Prompt —
Beginning at the line containing "Samstag 9:30 Uhr |", give again every line through the end of the data, unchanged and with both ends included. Drop any pictures.

Source data —
+---+

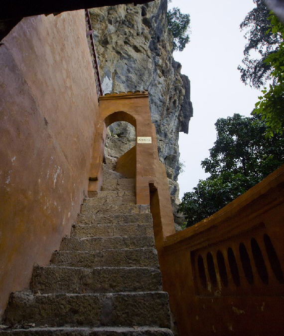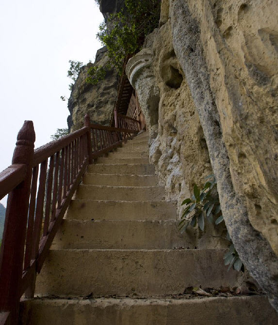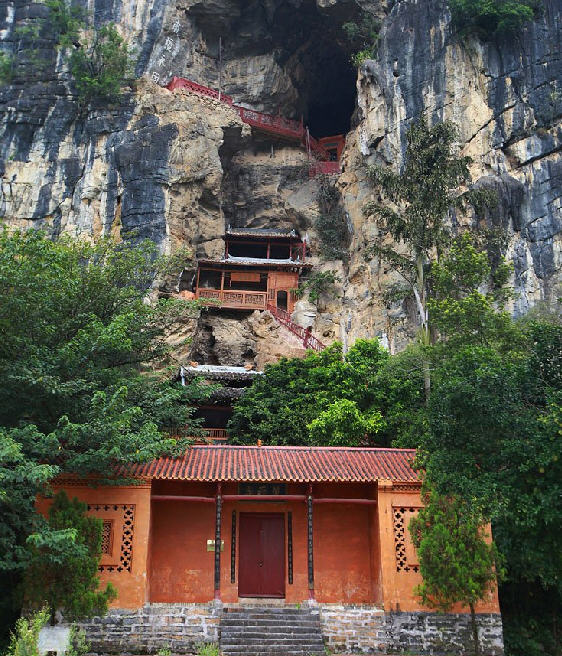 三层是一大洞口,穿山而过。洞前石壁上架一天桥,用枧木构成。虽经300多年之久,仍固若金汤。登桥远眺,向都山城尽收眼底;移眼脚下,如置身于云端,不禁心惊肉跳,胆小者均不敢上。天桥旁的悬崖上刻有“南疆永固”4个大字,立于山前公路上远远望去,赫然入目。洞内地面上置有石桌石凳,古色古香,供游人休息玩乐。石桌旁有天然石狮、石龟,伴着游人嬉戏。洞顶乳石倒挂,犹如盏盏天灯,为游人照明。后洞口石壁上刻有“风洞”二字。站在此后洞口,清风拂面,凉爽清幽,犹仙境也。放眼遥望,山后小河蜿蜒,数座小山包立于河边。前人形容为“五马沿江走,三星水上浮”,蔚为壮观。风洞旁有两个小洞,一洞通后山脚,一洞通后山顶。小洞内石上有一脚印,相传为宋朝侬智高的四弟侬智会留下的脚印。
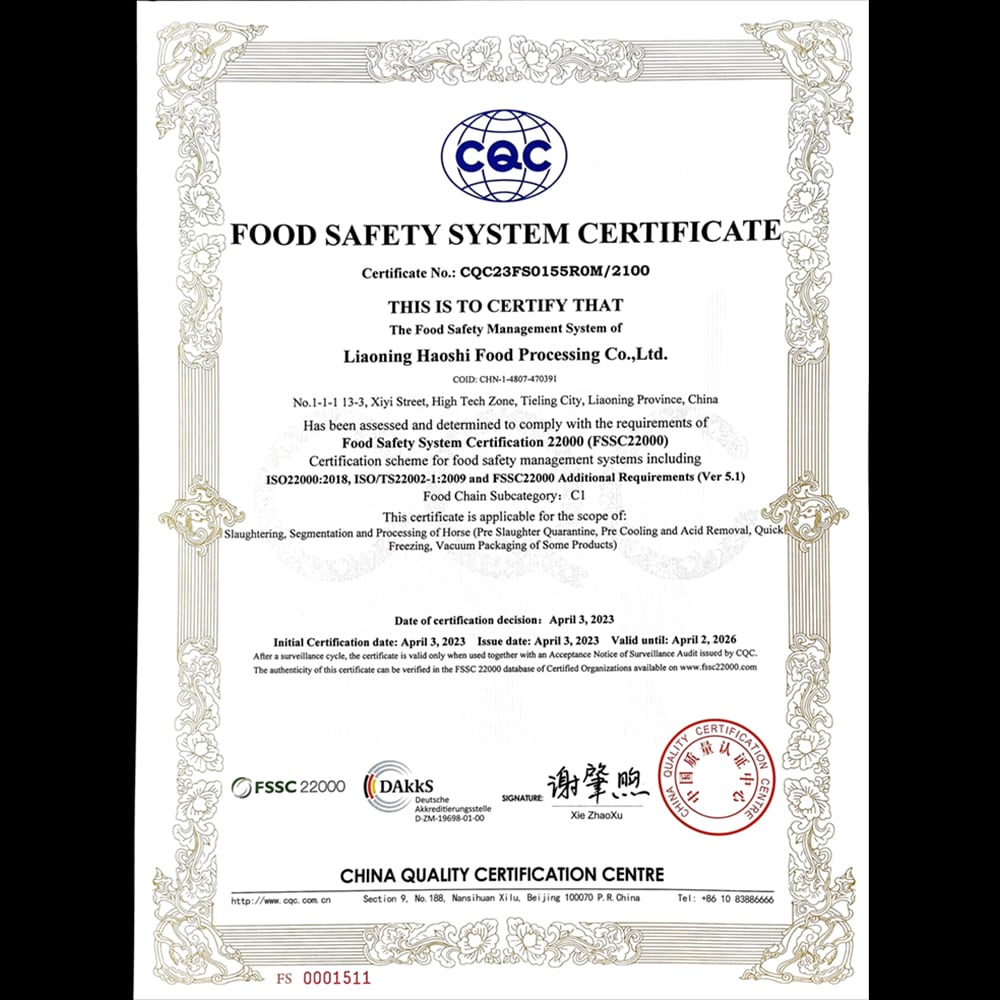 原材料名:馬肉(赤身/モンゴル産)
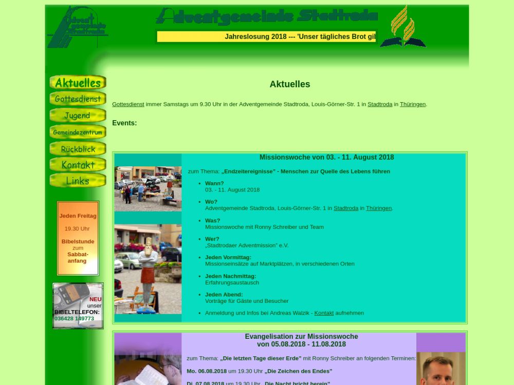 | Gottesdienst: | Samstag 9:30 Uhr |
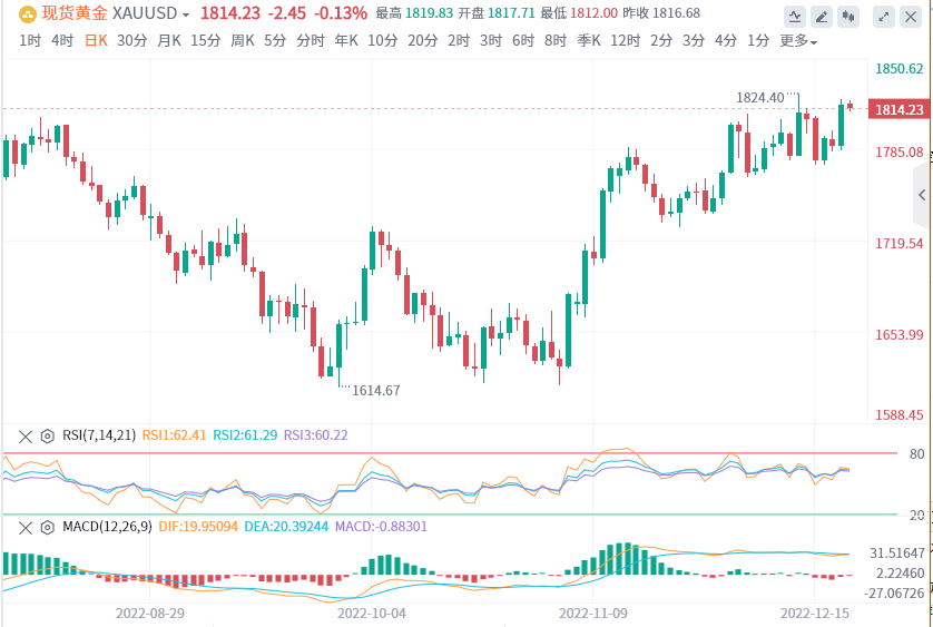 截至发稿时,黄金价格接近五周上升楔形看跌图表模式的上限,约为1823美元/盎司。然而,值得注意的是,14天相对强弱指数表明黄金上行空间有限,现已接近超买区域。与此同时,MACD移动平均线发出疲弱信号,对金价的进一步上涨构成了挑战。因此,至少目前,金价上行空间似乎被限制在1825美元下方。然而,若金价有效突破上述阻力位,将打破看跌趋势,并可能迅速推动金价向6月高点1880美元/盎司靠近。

+---+

Answer to the problem —
 | Gottesdienst: | Samstag 9:30 Uhr |
 截至发稿时,黄金价格接近五周上升楔形看跌图表模式的上限,约为1823美元/盎司。然而,值得注意的是,14天相对强弱指数表明黄金上行空间有限,现已接近超买区域。与此同时,MACD移动平均线发出疲弱信号,对金价的进一步上涨构成了挑战。因此,至少目前,金价上行空间似乎被限制在1825美元下方。然而,若金价有效突破上述阻力位,将打破看跌趋势,并可能迅速推动金价向6月高点1880美元/盎司靠近。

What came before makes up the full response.